======== Data excerpts ========

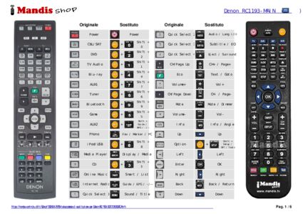 Questo telecomando sostituisce completamente il tuo RC-1193 (30701016200AD) e offre tutte le funzioni dell'originale.
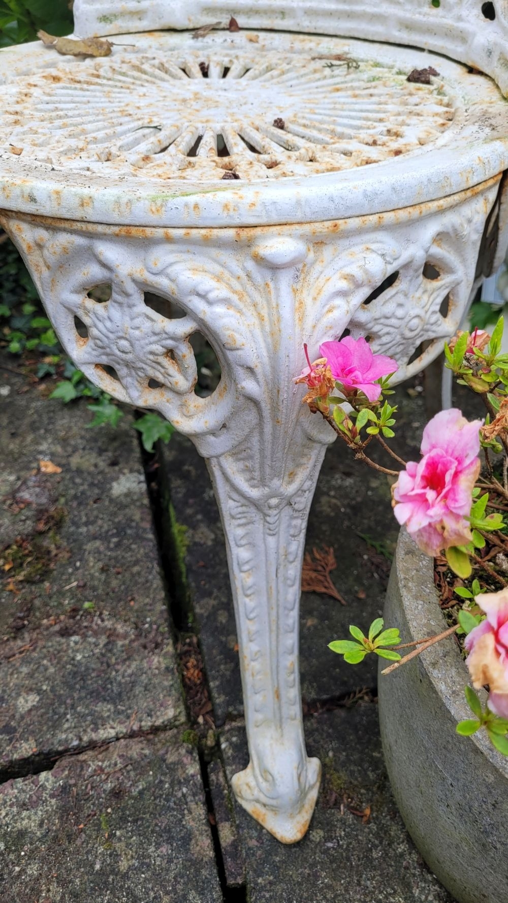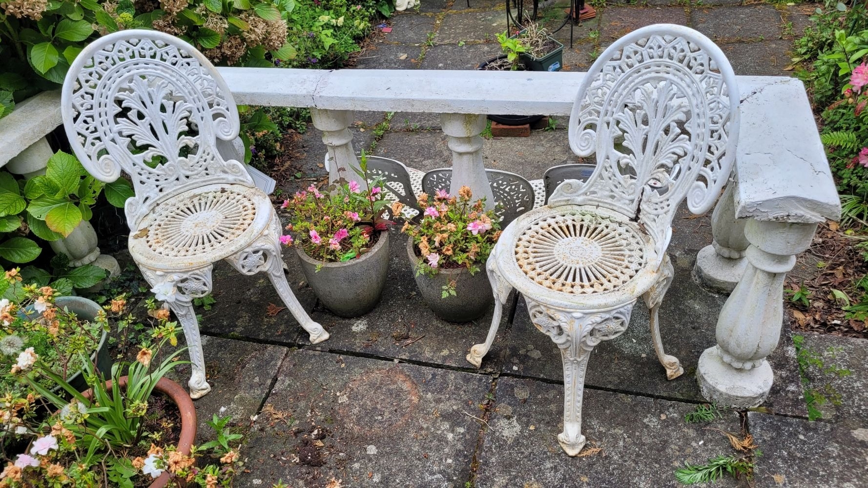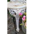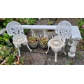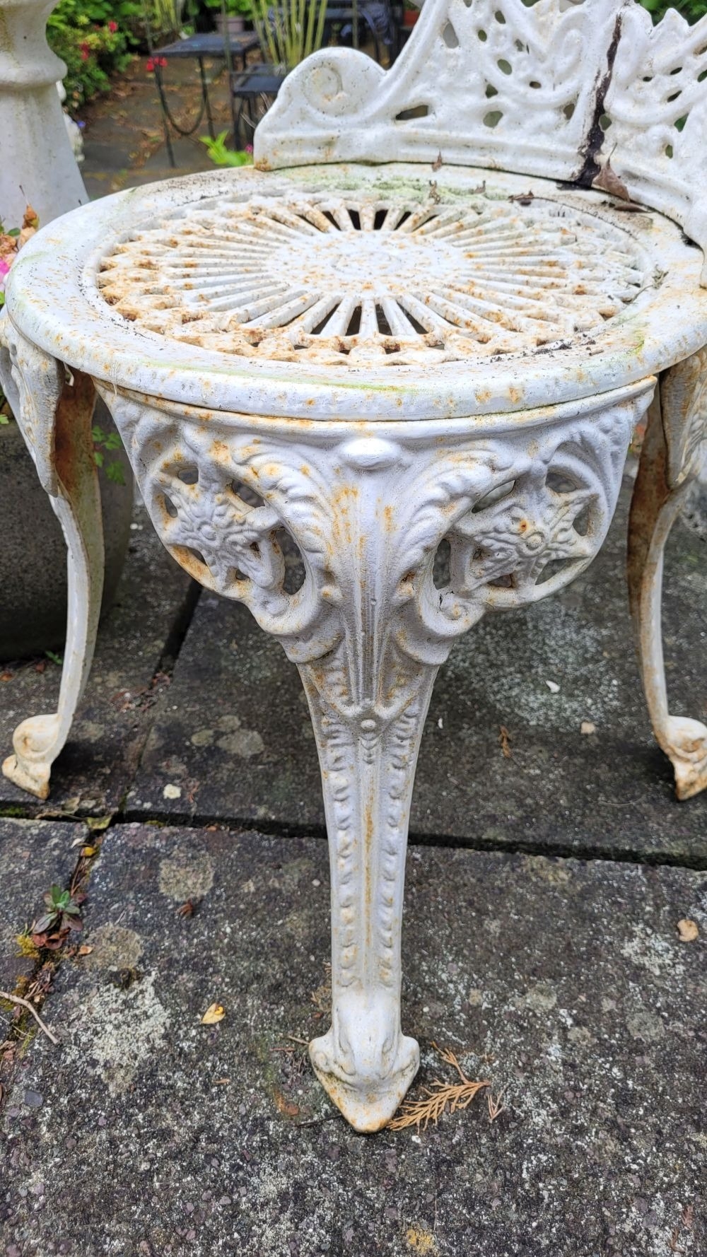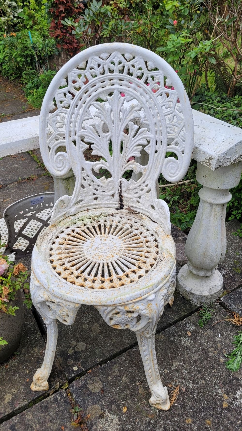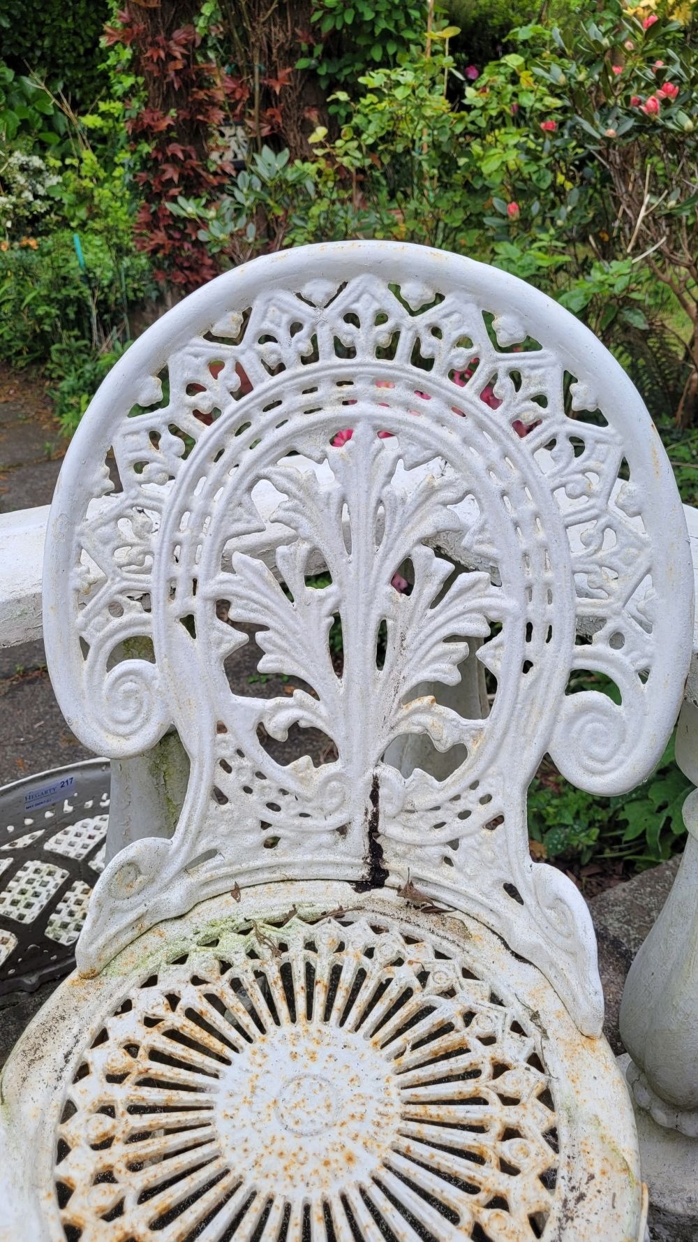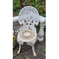 A PAIR OF GOOD QUALITY PATIO CAST IRON GARDEN SEATS, these are a good match to lot 217 if you would like a suite of seats. Each with a curved scroll ended back rest with central foliage detail, raised on four splayed leg with scroll foot and star detail to the knee brackets. Dimensions :85 x 44 x 43cm (H x W x D – including legs).
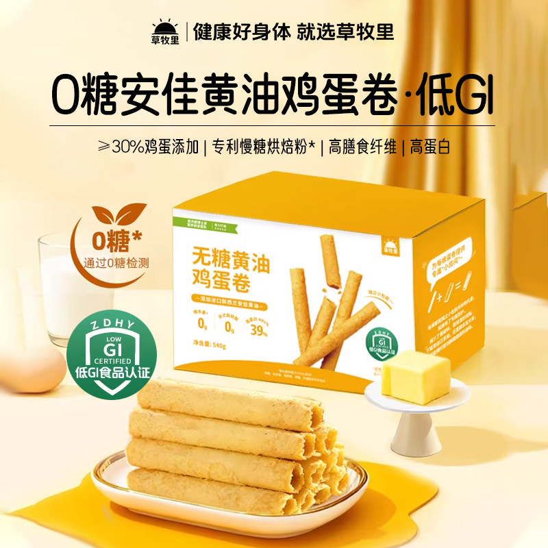 草牧里无糖鸡蛋卷0糖低GI高纤高蛋白新西兰安佳黄油老式酥脆饼干
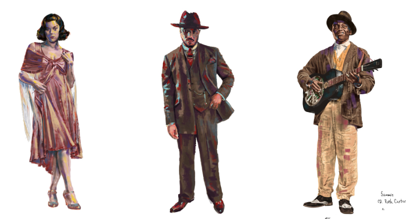 Cuidado que se estendeu também às caracterizações femininas, com detalhes que expressam a personalidade de cada mulher na história. De Annie (Wunmi Mosaku, indicada ao Oscar de Melhor Atriz Coadjuvante pelo papel), com seu look africano que reforça sua força espiritual, passando por Mary (Hailee Steinfeld), cujo look mais glamouroso teve Lauren Bacall como inspiração, até Pearline (Jayme Lawson), que surge como uma esposa infeliz no casamento até se revelar uma sensual cantora no bar dos gêmeos.
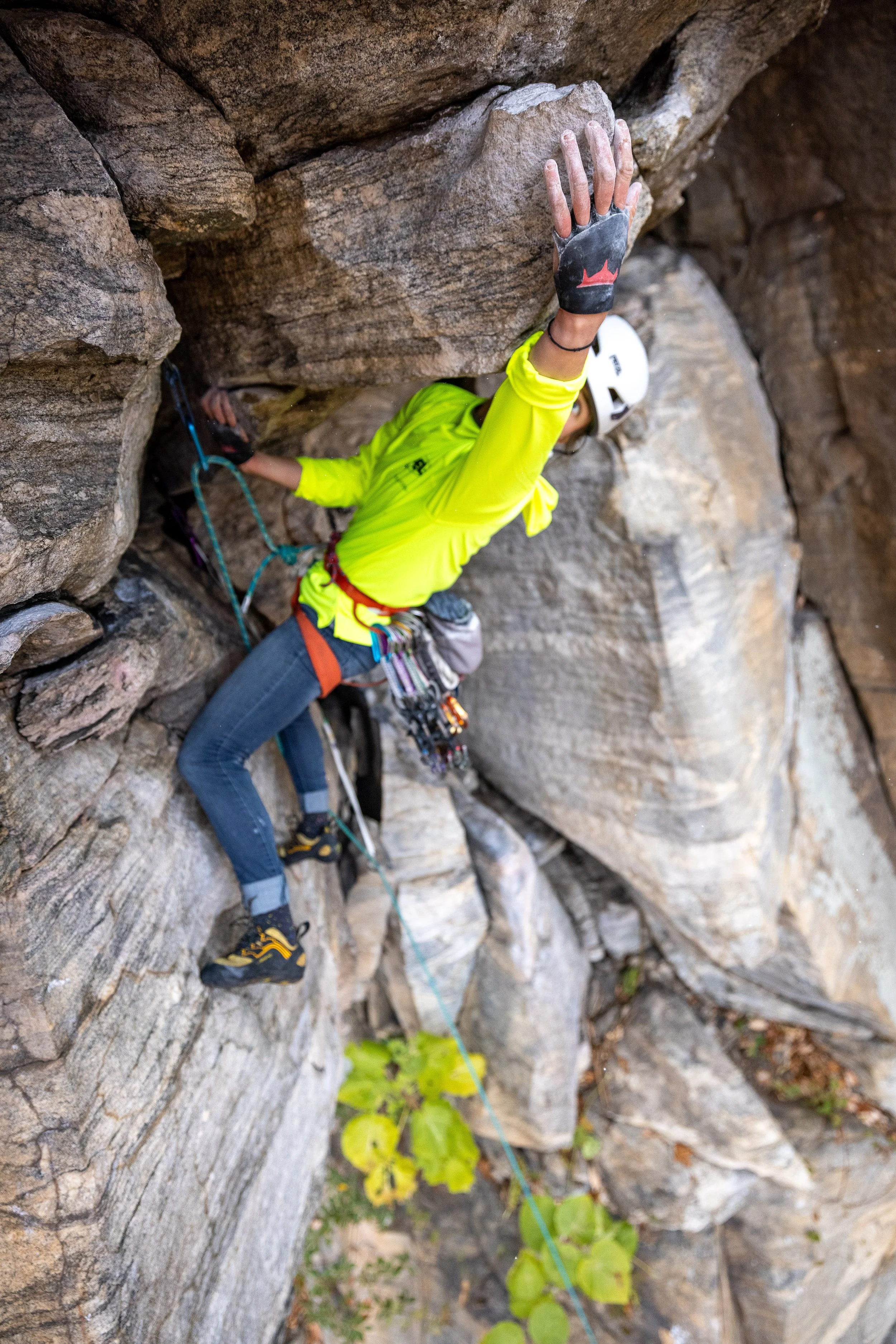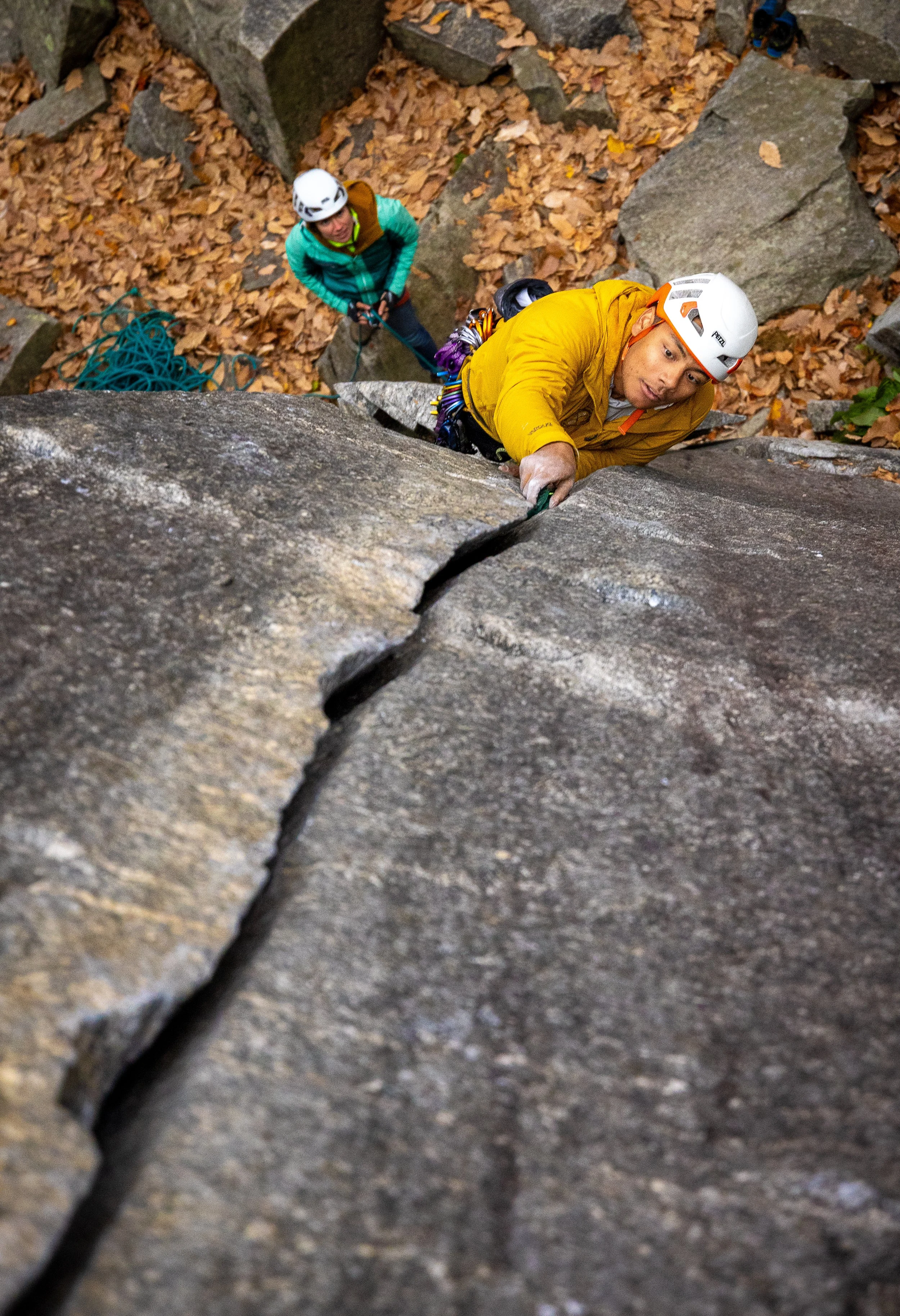 A perfect intro to crack climbing on the first pitch and a fun pitch of chimney climbing in the second pitch!

========

Work to complete.
Omit the pictures, then extract verbatim only those lines that fall between the line containing "A PAIR OF GOOD" and the final line of the records above, both included.

Answer to this problem.
 A PAIR OF GOOD QUALITY PATIO CAST IRON GARDEN SEATS, these are a good match to lot 217 if you would like a suite of seats. Each with a curved scroll ended back rest with central foliage detail, raised on four splayed leg with scroll foot and star detail to the knee brackets. Dimensions :85 x 44 x 43cm (H x W x D – including legs).
 草牧里无糖鸡蛋卷0糖低GI高纤高蛋白新西兰安佳黄油老式酥脆饼干
 Cuidado que se estendeu também às caracterizações femininas, com detalhes que expressam a personalidade de cada mulher na história. De Annie (Wunmi Mosaku, indicada ao Oscar de Melhor Atriz Coadjuvante pelo papel), com seu look africano que reforça sua força espiritual, passando por Mary (Hailee Steinfeld), cujo look mais glamouroso teve Lauren Bacall como inspiração, até Pearline (Jayme Lawson), que surge como uma esposa infeliz no casamento até se revelar uma sensual cantora no bar dos gêmeos.
 A perfect intro to crack climbing on the first pitch and a fun pitch of chimney climbing in the second pitch!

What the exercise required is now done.